The “motivating cognitive application,” as PhD student Carl William Pearson puts it, is called the Creative Experiential Learning Advisor, or CELA. The challenge is to harness all the data on the internet to help teachers and students with science-related topics.
For example, imagine a teacher has a hard time finding just the right project for their classroom. If a project like CELA could create a database of STEM education curriculum goals as well as all science experiments, organized by grade or ability, and map those curriculum goals to existing projects, teachers and students alike would benefit. That program also could take into account the students’ backgrounds and specific needs. The system also could make use of videos, which would help students stay engaged.
Illinois PhD students Hongyu Gong and Tarek J Sakakini, among others, have already made great inroads. Their work has involved defining scientific concepts, gathering a corpus of scientific experiments and then mapping between the concepts and the projects. Gong, together with her Illinois advisor, Suma Bhat, designed an algorithm specific to the nature of text in scientific concepts and scientific projects. The newly designed algorithm achieves the mapping at a performance exceeding existing algorithms.
“Hearing the stories of the IBM researchers was inspirational,” Sakakini says. There also were ample opportunities to socialize outside of work and have informal conversations.
“It really helped me see how research impacts industry and the market,” said Sakakini. “We got exposure and also feedback,” he adds.
Indeed PhD student Cheng Li, after successfully completing a project on Matrix Factorization on GPU while at IBM, was encouraged by both Xiong and Hwu to find a new project. Together with fellow PhD student Abdul Majed Dakkak, Li developed ML ModelScope, an open source distributed platform to help developers in “model experimentation, deployment and evaluation across hardware infrastructures.” This project is so successful it has become the flagship project in C3SR. Li and Dakkak have demonstrated it at IBM booths in major conferences, including the Annual Conference on Neural Information Processing Systems (NIPS), Consumer Electronics Show (CES), and Association for the Advancement of Artificial Intelligence conference (AAAI). This is now Li’s major research project and she continues to work closely with Xiong and others at IBM.
“There was an expert in every field, and entire building of experts … and we were treated as colleagues.

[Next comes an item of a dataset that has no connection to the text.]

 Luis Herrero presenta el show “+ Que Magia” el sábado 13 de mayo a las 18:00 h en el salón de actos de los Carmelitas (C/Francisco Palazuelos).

Everyone was very supportive and we had lots of freedom,” says Pearson. “I feel like what I’m doing is more real.”
Also, because the C3SR project is so broad in scope, these students have the opportunity to learn from people working in many different domains. And their input also was greatly appreciated by IBM researchers. Pearson says that C3SR also has had a big impact on campus because the graduate students have become more engaged with the undergraduates in the course of the C3SR projects.
“We are all better for it,” says Pearson of the interactions between IBM and ECE.

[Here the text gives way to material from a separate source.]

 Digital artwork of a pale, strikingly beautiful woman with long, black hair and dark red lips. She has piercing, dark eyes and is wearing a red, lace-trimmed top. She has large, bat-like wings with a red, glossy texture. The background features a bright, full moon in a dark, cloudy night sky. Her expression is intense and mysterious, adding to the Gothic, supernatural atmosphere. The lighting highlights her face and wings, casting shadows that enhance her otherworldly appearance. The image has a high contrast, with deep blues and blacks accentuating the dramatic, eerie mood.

Enabling traffic cameras to catch the smallest details
Traffic cameras are among the largest generators of vast data sets. The goal was for the computer to be able to distinguish between pedestrians, stationary objects, various types of cars, from small cars to trucks, and to discern the time of day and the color of the traffic light. This is a very difficult object because there are a large number of images, several hundred thousand and each team had to come up with a system to process and identify all activities and objects.
The first part of the challenge was to annotate almost 1.5 million objects from more than 80 hours of video. The second phase involved building and activating a model to effectively and efficiently track objects from the videos.
These kinds of challenges, including the DARPA self-driving car challenge, provide an efficient way to move a real-world problem forward in a way that grant making organizations do not, says Hwu.